The word, wilderness, is used twice in the chapter and in both cases refers to the Exodus journey of the Hebrews. The text from Psalm 78 reflects on the trials of that ancient wilderness journey. A critical feature of the psalmist’s reflection is the complaint of the people in the wilderness. The question, “Can God prepare a table in the wilderness?” is a rhetorical question that challenges God; in short, puts God to the test. We are recalled instantly to the First Sunday of Lent, to the story of the temptations of Christ. The temptations, too, belong to the wilderness, quite literally to the desert.

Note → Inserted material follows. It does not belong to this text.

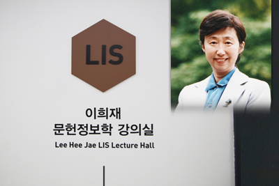 이희재 LIS 강의실 외벽에 설치된 이미지월 한편 이희재 명예교수는 1983년부터 모교 교수로 재직했으며 지난 2008 ~ 2012년에는 국립중앙도서관 자문위원을 역임했다. 생전에 문헌정보학 분야에 기여한 공로를 인정받아 대한민국정부 근정포장, 한국출판문화상 등을 받았다.

This Gospel story is the answer to the question but in such a way as to highlight our disbelief and distrust of the essential goodness of God. Here the Word by which we live and which nourishes and refreshes us is bread, food for our wayfaring souls. The bread in the wilderness is about the divine generosity from which we live; “twelve baskets” are taken up from “the fragments” of “the five barley-loaves that remain” a basket for each of the twelve tribes of Israel, we might say, a basket for each of the twelve apostles of the new Israel, the Church, too, we might add.